Don't buy a calculator
You might feel the urge to buy a calculator so you can have a calculator for the exam. Resist that temptation. If necessary, rationalize it by deciding that list of allowed models is so short as to be retarded and that you're not going to spend however many dollars getting a crippled hunk of plastic that you'll use once and throw away in disgust because frankly you'd rather bite off your fingers than go back to doing calculations on anything other than a decent computer or maybe your remaining fingers.
So you've waited, studied (hah!), and prepared; you've done all you could and it's finally test day. If you follow these simple steps, you have a better than average chance of being me. I passed, so that's not necessarily a bad thing.
Don't bring a calculator
Do all of the math in your head and (for long division and square roots) on a sheet of paper. On the questions that you have to do any math at all (about two thirds), most of the time if you can get within an order of magnitude of the real value, you'll be able to answer the question. The rest, you only need to be within 10%. And if you can't get within 10% using your brain then I hope you're pretty.
If people ask, you might want to make something up about having forgotten it so they don't think you're a stupid crazy asshole but they probably will anyway and most likely have for years.
Don't eat lunch
Make absolutely sure you go somewhere that there is apparently no food to be bought because they're closed or some bullshit.

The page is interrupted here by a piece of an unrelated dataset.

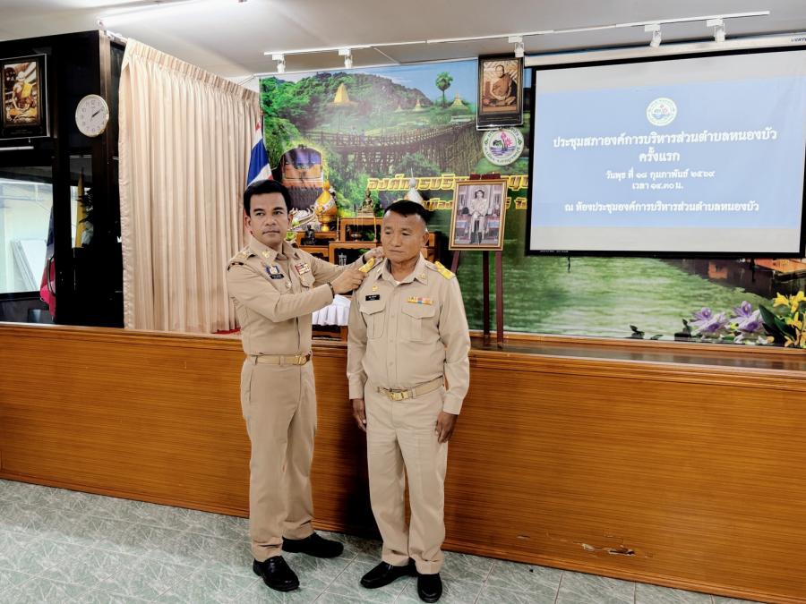 องค์การบริหารส่วนตำบลหนองบัว จัดประชุมสภาองค์การบริหารส่วนตำบลหนองบัว ครั้งแรก โดยได้รับเกียรติจาก นายสมบูรณ์ แผนสมบูรณ์ นายอำเภอเมืองกาญจนบุรี เป็นประธานในที่ประชุม พร้อมประดับเครื่องหมายอินทรธนูให้กับสมาชิกสภา อบต.หนองบัว นายก อบต.หนองบัว และคณะผู้บริหาร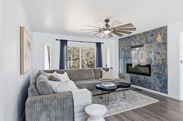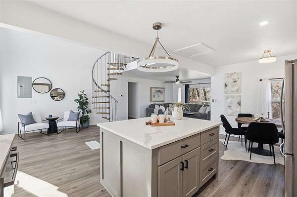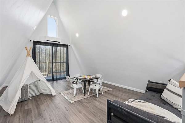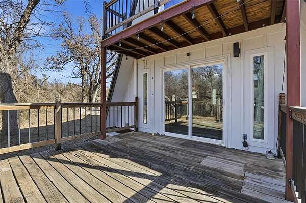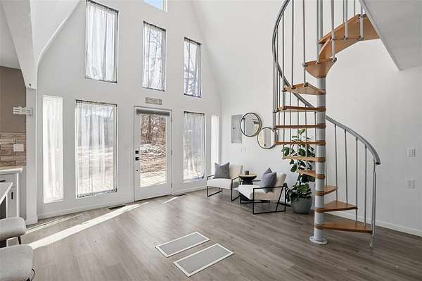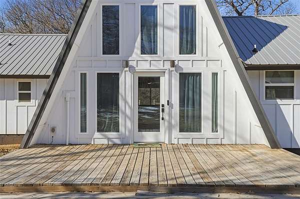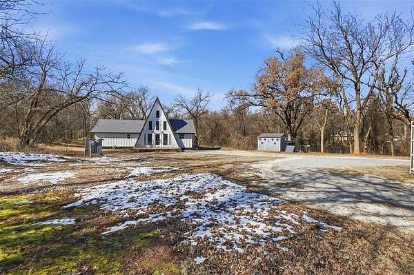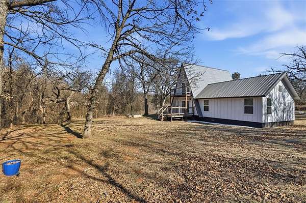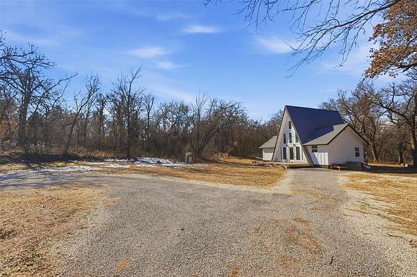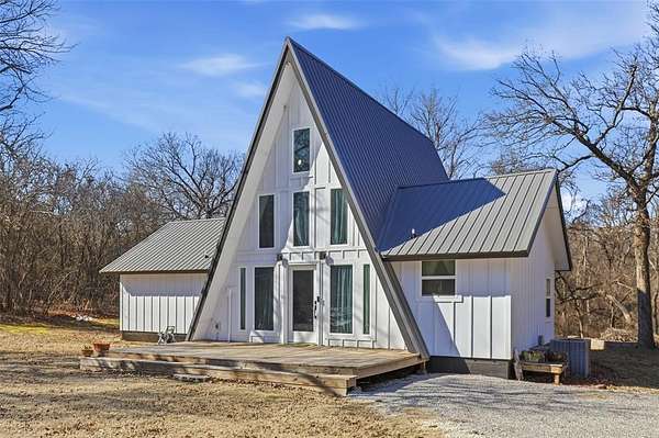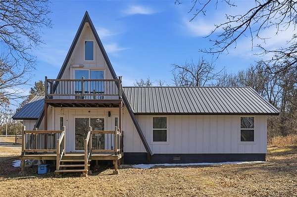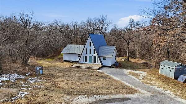Welcome to your own seven-acre retreat just outside of Edmond-where quiet country living meets endless possibility. Tucked along a peaceful road, this private, tree-filled property offers a lifestyle surrounded by nature, wildlife, and the gentle bend of a creek, all centered around a freshly remodeled A-frame home full of charm and comfort. Inside, the two-bedroom, one-bath layout is bright and inviting, with soaring two-story windows that flood the space with natural light. A striking spiral staircase leads to a loft with a lookout balcony, creating a perfect spot for reading, working, or simply taking in the views. The brand-new kitchen is both timeless and functional, featuring classic shaker cabinetry, an oversized island with quartz countertops, and stainless steel appliances. Major systems have been thoughtfully updated, including a new HVAC system, metal roof and hot water system-providing peace of mind for years to come. Outside, oversized new decks on both the front and back extend your living space into the outdoors. Whether you dream of exploring your land, starting a garden, raising chickens, or simply enjoying the quiet beauty of nature, this one-of-a-kind property is ready to support whatever your heart desires.

I hear that this time there will be food provided, so this might not apply.
Take a few minutes to kill time
Every few problems, stop and try to figure out how the test writers got the other four obviously wrong answers and wonder how many of your peers are chumps who routinely mix up addition and subtraction. Sneer a little. Let insecurity creep in. Wonder if it could be you who is the chump. Get your results back months later and realize that, no, it's them.
Do the other tests
If your major is, say, Chemical Engineering, spend the first forty minutes or so of the second half doing parts of the Electrical, Mechanical, and Industrial Engineering tests. Then get bored and start doing your test for real, even if you're fairly sure you could pass those other ones, you know, as a joke. Finish about 10 minutes ahead of time. Think about having sex with the girl next to you until you notice she's from DelTech; reassert your philosophy of not sticking your dick in stupid.